PROBLEM REQUIREMENTS: From the first line to the last, set down the material exactly and drop every picture.

THE DATA:
☆ ☆ ☆ ☆

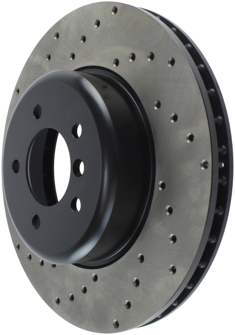 StopTech Drilled Sport Rotors are 1-piece direct replacement brake discs for factory brake systems and stock calipers that look great behind your wheels * and offer significantly improved braking performance. The unique cross-drilling aids with heat and brake dust dispersal; prevents glazing of the pads; adds bite and improves wet and dry braking performance. Built to last; the black e-coating provides protection from corrosion and the high carbon metallurgy (in most applications) offers quieter operation; better crack resistance and increased performance.
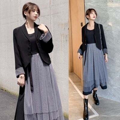 セットアップ レディース カジュアル きれいめ おしゃれ 春 春秋 ワンピースセット ミモレ丈 ひざ下丈 ワンピース ワンピ ドレス チュール ノースリーブ リボン ブラック 黒 グレー 大きいサイズ XL 2XL 3XL 4XL 20代 30代 40代 50代
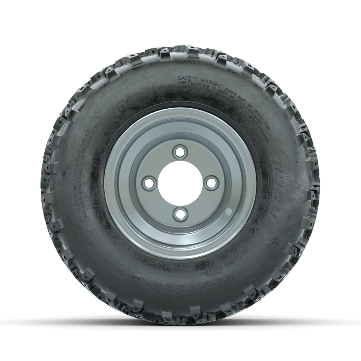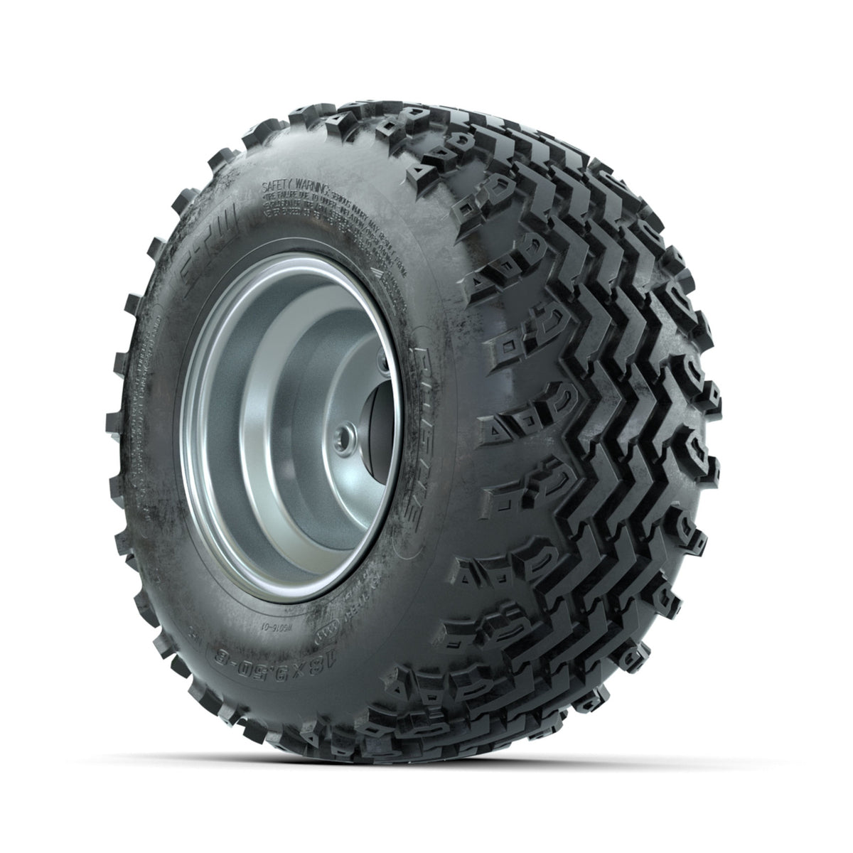 A set of (4) 8-inch GTW® Steel Silver Centered golf cart wheels Mounted on 18x9.50-8 Rogue All-Terrain Tires

☆ ☆ ☆ ☆

WORKED SOLUTION:
 StopTech Drilled Sport Rotors are 1-piece direct replacement brake discs for factory brake systems and stock calipers that look great behind your wheels * and offer significantly improved braking performance. The unique cross-drilling aids with heat and brake dust dispersal; prevents glazing of the pads; adds bite and improves wet and dry braking performance. Built to last; the black e-coating provides protection from corrosion and the high carbon metallurgy (in most applications) offers quieter operation; better crack resistance and increased performance.
 セットアップ レディース カジュアル きれいめ おしゃれ 春 春秋 ワンピースセット ミモレ丈 ひざ下丈 ワンピース ワンピ ドレス チュール ノースリーブ リボン ブラック 黒 グレー 大きいサイズ XL 2XL 3XL 4XL 20代 30代 40代 50代
 A set of (4) 8-inch GTW® Steel Silver Centered golf cart wheels Mounted on 18x9.50-8 Rogue All-Terrain Tires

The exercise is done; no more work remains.